Dans la nuit du 2 au 3 janvier, les États-Unis ont bombardé plusieurs villes du Venezuela, dont Caracas, touchant des quartiers militaires, des installations pétrolières et des infrastructures stratégiques. L’opération, autorisée par Donald Trump et présentée comme une « lutte contre le narcotrafic », s’inscrit dans la continuité des pressions militaires et économiques états-uniennes sur le pays. Le gouvernement vénézuélien a déclaré l’état d’exception et appelle la population à se mobiliser face à cette agression. Cette action illustre le redéploiement impérialiste des États-Unis dans la région, visant notamment certaines ressources stratégiques comme le pétrole au Venezuela. Par ailleurs, l’administration états-unienne a annoncé avoir kidnappé le président vénézuélien Maduro.

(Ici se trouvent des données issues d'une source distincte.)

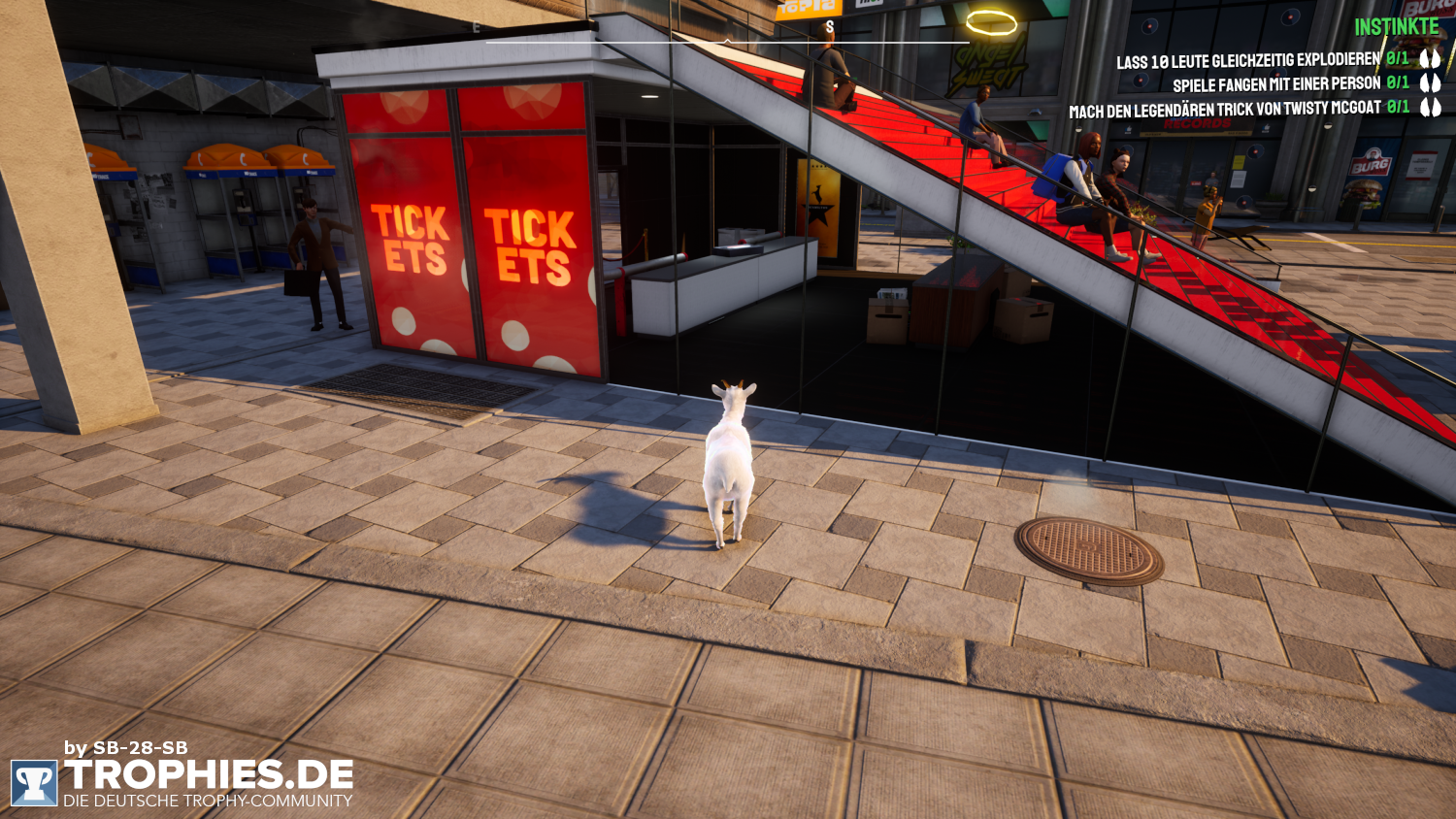 Um diese Trophäe zu erhalten, muss man den dubiosen Händler gefunden haben. Dieser befindet sich im Osten der Region "Goatenburg" in der Nähe des Minispiels "Kopfklatschen". Hinter dem großen Gebäude an der Wasserkante befindet sich unterhalb des Geländers eine kleine Plattform mit zwei Fackeln. Springt man auf diese Plattform, befindet man sich für einer verschlossenen Tür. Um diese zu öffnen, muss man das Emote-Rad öffnen, indem man

Cinq ans après la mort de Claude Jean-Pierre, dit Klodo, décédé le 3 décembre 2020 à la suite d’un contrôle de gendarmerie en Guadeloupe, sa famille continue de se battre face aux dénis de justice et aux intimidations policières. Malgré des images vidéo et de multiples expertises médicales établissant la responsabilité des gendarmes, la procédure judiciaire est une nouvelle fois retardée début décembre, avec le dessaisissement de la juge d’instruction et l’absence de nouveau magistrat avant mai 2026. Le 10 décembre 2025, la mobilisation de la famille et de leurs soutiens devant le tribunal de Basse-Terre a été réprimée et intimidée par la police. Cette affaire illustre l’impunité des forces de l’ordre en France et le traitement colonial réservé aux territoires dits d’Outre-Mer, renforçant l’appel à une mobilisation collective pour la justice et contre les violences policières de la part de la famille.

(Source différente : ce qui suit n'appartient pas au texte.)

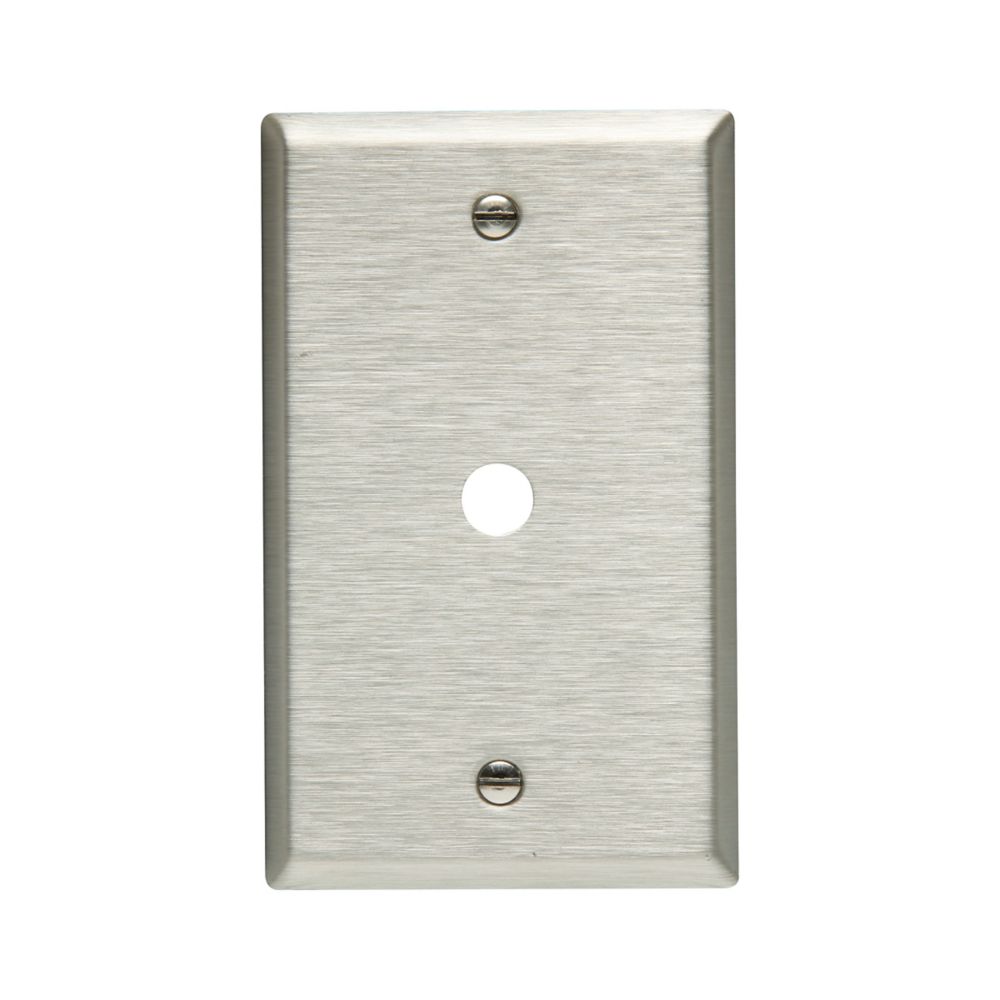 Long Description | Eaton Telephone and coaxial wallplate, Stainless steel, 0.375″ Hole Cutout, Stainless steel, Single-gang, Standard, ED Box |

Dans la municipalité de Villa Rica, dans le département du Cauca, la mort d’un jeune lors d’un contrôle de police a provoqué de violents affrontements entre des habitants et les forces de l’ordre. Au moins une personne a été arrêtée et deux personnes ont été blessées. Les autorités locales ont également annoncé qu’une enquête était en cours pour établir les circonstances exactes de la mort du jeune homme.

Les militaires colombiens ont tué « Maikol », un commandant du 57e Front, groupe dissident des FARC, lors de combats dans une zone rurale de Tuluá, dans la Valle del Cauca. L’opération s’est déroulée dans le village de La Arenosa, dans le cadre de l’opération « Ayacucho Plus », où les troupes ont affronté pendant deux jours des membres de ce groupe de guérilla. Un deuxième membre du 57e Front des FARC a été tué dans cette opération. ​​Maikol était accusé d’avoir coordonné des homicides, levé l’impôt révolutionnaire et géré les ressources illicites du groupe. Il faisait également l’objet de mandats d’arrêt pour association de malfaiteurs, homicide aggravé et port d’armes illégal, entre autres infractions. Ces décès s’ajoutent à l’arrestation par la police de Valle del Cauca dit « Juan José », 23 ans, membre présumé des réseaux de soutien urbains du 57e Front, actif à Sevilla et à Caicedonia, dans le nord de la Valle del Cauca.

Facundo Jones Huala, figure de proue du groupe Résistance Ancestrale Mapuche (RAM), qui avait été extradé d’Argentine (voir notre article), restera en détention pendant au moins 90 jours supplémentaires. Cette décision a été prise à l’issue d’une audience visant à déterminer la suite de la procédure, au cours de laquelle le parquet a requis un délai supplémentaire pour l’enquête, requête qui a été acceptée par le juge. Les avocats du Gremial (une association d’avocats chiliens) définissent l’affaire comme « non pas juridique, mais politique », et ont précisé : « Quoi que nous disions, le juge allait prolonger la détention.» Facundo restera emprisonné pendant encore 90 jours, et que sa détention sera ensuite probablement encore prolongée. Il est incarcéré à plus de 800 kilomètres de sa famille, de sa communauté, de son peuple, dans la pire prison du Chili. Jones Huala est détenu à Rawson depuis juin. Son équipe de défense avait initialement demandé son transfert à Esquel, mais si la requête avait d’abord été acceptée, la décision a ensuite été annulée, le gouvernement fédéral invoquant des raisons de sécurité.